Centralized v Decentralized Exchanges

Much of the crypto investment space still deals on centralized exchanges like Coinbase, Bitfinex or Kraken to exchange fiat-to-crypto or between coins. As the market grows, this should move to decentralized exchanges.

Why?
Many exchange platforms have been overwhelmed to the point of closure recently. More worryingly, their centralized storage systems, although heavily secured, are still central failure points if a hack occurs. The formerly largest exchange Mt Gox had to shut down because of one. Bitfinex also got hacked. More hacks will likely occur because centralized storage is very appealing to them.
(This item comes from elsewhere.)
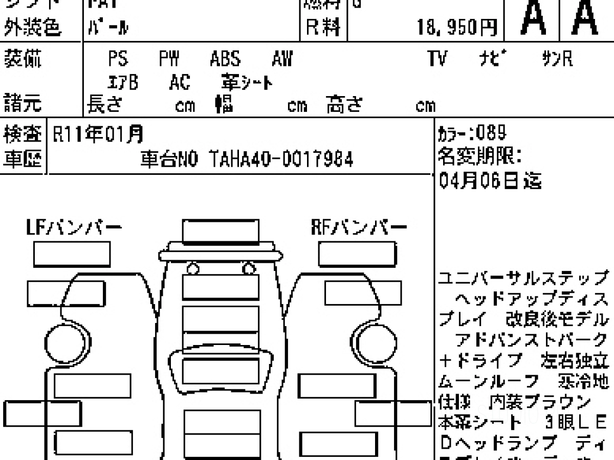 Номер кузова: TAHA40W.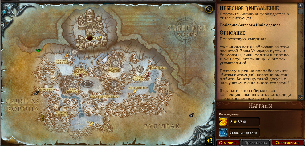 | Additional Information | От тестера: Отсуствует нпс https://ru.wowhead.com/npc=115307/алгалон-наблюдатель в https://ru.wowhead.com/the-storm-peaks Как выглядит у нас : http://immage.biz/image/Se3s Как должно выглядить : https://www.youtube.com/watch?v=K5jMc38-5Jg | ||||

Decentralized exchanges (DEX) solve many of these issues. They bring the benefits of decentralization and security to currency exchange and take away the potential for one major hack to eliminate millions of people’s digital wallets. The struggle for their adoption lies in the application of the technology.

What’s out there?
Kyber Network incentivizes network members with its own KNC token to become reserve contributors and provide liquidity for the exchange.
0x¬†enables ‘relayers’ to run off-chain order books and charge for matching buyers and takers, who can then exchange tokens on a trustless ethereum protocol.
Bancor went beyond this and created smart tokens that hold several currencies so by buying and selling it, you can switch from one token to another.